# Vivariums and Terrariums Differences?



## Shell-shocker (Dec 22, 2008)

Hey all, this is my first ever question regarding tortoises. I'm hopefully going to keep them in a year or 2 time, but wanted to ask whats the difference in a Vivarium and Terrarium? Reason for asking this is because I've seen alot of people and articles saying that tortoises should live in a "Vivarium" and I've seen alot of shops that are selling tortoises in terrarium.


----------



## MissG (Apr 18, 2008)

Well the latin word vive means to live. So technically anything that an animal lives in could be called a vivarium.
Terr has something to do with earth and tends to house some sort of plants, as well as an animal

My advice would be that if you want an animal to live in a vivarium, get a lizard or snake. Very few tortoises are suited to living indoors in a vivarium.

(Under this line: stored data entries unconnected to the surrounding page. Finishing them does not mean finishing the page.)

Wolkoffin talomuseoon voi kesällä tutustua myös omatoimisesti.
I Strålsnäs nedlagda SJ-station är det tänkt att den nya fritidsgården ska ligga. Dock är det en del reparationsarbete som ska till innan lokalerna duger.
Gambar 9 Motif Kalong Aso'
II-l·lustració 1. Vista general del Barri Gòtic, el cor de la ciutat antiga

The Tortoise trust website is very informative

Tortoise Trust Web - Indoor Housing & Vivarium Design


----------



## Shell-shocker (Dec 22, 2008)

Thanks for the information, wasnt expecting to find out about this. Now im very unsure what to get :

Would this then mean that tortoises are not really meant for english weather or wet and cold weathers. The tortoise I was thinking of getting is a Mediterranean tortoise or a Hermann's tortoise. But with this in my mind its quiet down sided. So how do people take care of tortoises with such bad weather conditions?


----------



## Guest (Dec 23, 2008)

tortoises never i repeat never be housed in a viv. if kept indoors they should have an open tortoise table with basking area.


----------



## MissG (Apr 18, 2008)

Shell-shocker said:


> Thanks for the information, wasnt expecting to find out about this. Now im very unsure what to get :
> 
> Would this then mean that tortoises are not really meant for english weather or wet and cold weathers. The tortoise I was thinking of getting is a Mediterranean tortoise or a Hermann's tortoise. But with this in my mind its quiet down sided. So how do people take care of tortoises with such bad weather conditions?

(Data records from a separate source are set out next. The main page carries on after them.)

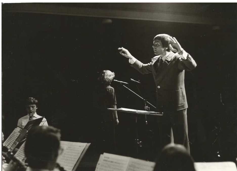
Příloha č. 2: Slavnostní koncert DOM v klatovském divadle, rok 1982.
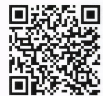
ลงทะเบียนออนไลน์
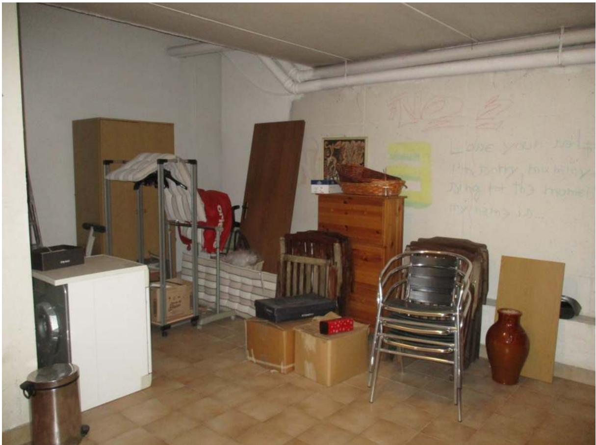
Fig. 36 – Vista della cantina

My fiancees mum has 5 Horsefields, all outside. She built an area, by the side of the shed, which has a tree growing in the middle.
It's simply about a foot high bricks all around, probably about 6ft by 6ft.

Then she has a little house, which is made out of those cube of glass (if you know what I mean?) and inside there is well insulated and has a heat lamp.

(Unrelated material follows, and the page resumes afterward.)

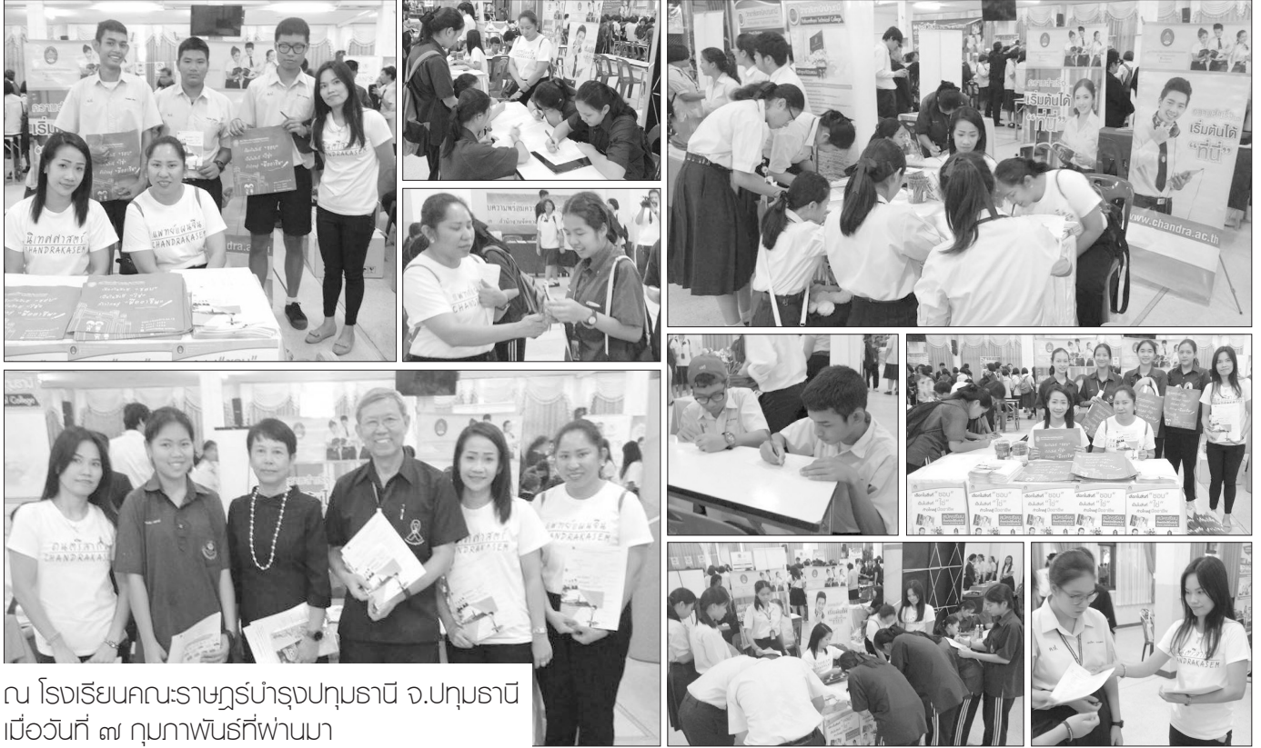
ณ โรงเรียนคนละราษฎรบำรุงปทุมธานี จ.ปทุมธานี เมื่อวันที่ ๓ กุมภาพันธ์ที่ผ่านมา

If you wanted to keep a tort indoors, you can keep them in a tortoise table.

These are expensive though. I would recommend what I made for my Guinea Pigs. It's called a C&C cage and is basically coroplast which is corogated plastic which for sale sign boards are made out of - made into a base, with a 6 inch lip, and then mesh panels all the way around.
Torts aren't the best climbers, so this will kepp them in, but still give them the space and ventilation they need.
I have 3 guinea pigs in a 5x2 (5 grids by 2 grids) which is almost 6ftx21/2 feet. It cost me about £30 to build.

With just one tortoise I would say a 4x2 would be good. But you buy the grids in a pack and the corplast in a sheet, so you will have enough to make a 6x2 if you have the space. The bigger the better really.

Here is the main C&C website, which explains everything

Guinea Pig Cages, Your Cavy At Home


----------



## TortMad (Oct 2, 2008)

As already mentioned Vivariums are not recomended for housing tortoises.

Yes you can keep tortoises in a british climate. I keep horsfields, Ibera and the more tropical heat loving Leopards.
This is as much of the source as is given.